● **Source data**
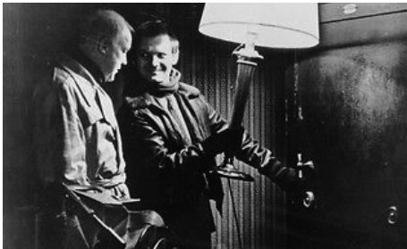
1967 MISE À SAC d'Alain Cavalier avec Philippe Moreau
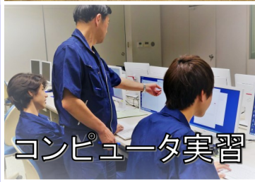
コンピュータ実習
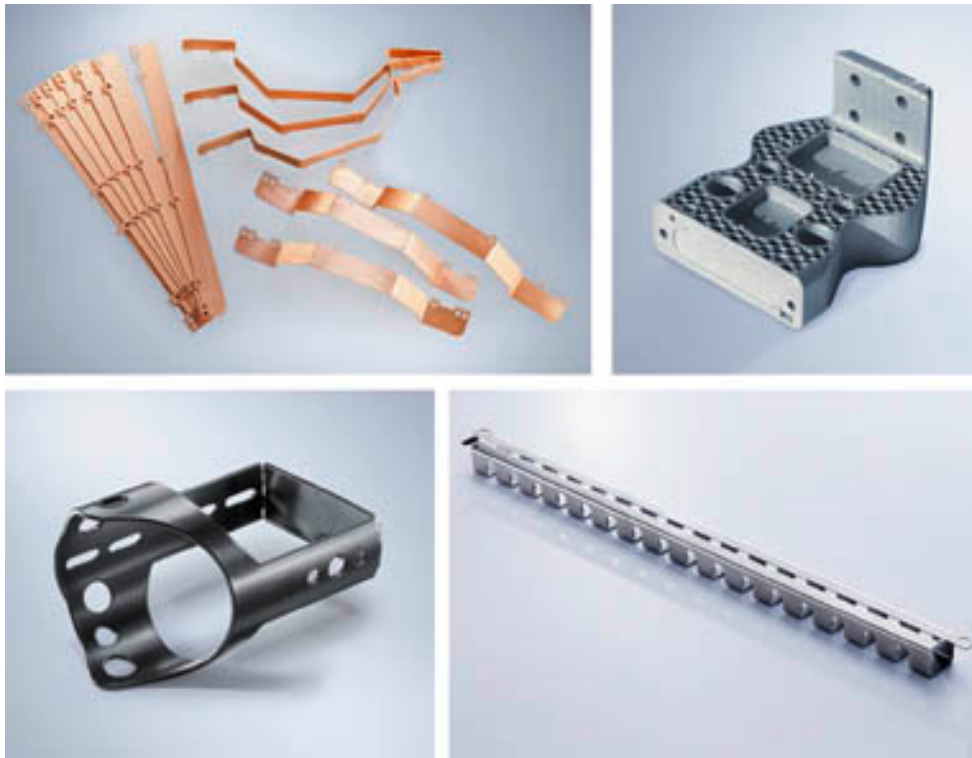
Bild Nr. 13-02 KY_LT4U-Produktvielfalt2.jpg

Gewerbliche Kunden haben nun in Österreich über die Beschaffungsplattform Laserteile4you.at die gleichen vielfältigen Möglichkeiten bei der Online-Blechteilebestellung wie in Deutschland.

● **The problem**
The expected answer is an unaltered copy of the listing, images removed.

● **Written answer**
1967 MISE À SAC d'Alain Cavalier avec Philippe Moreau
コンピュータ実習
Bild Nr. 13-02 KY_LT4U-Produktvielfalt2.jpg

Gewerbliche Kunden haben nun in Österreich über die Beschaffungsplattform Laserteile4you.at die gleichen vielfältigen Möglichkeiten bei der Online-Blechteilebestellung wie in Deutschland.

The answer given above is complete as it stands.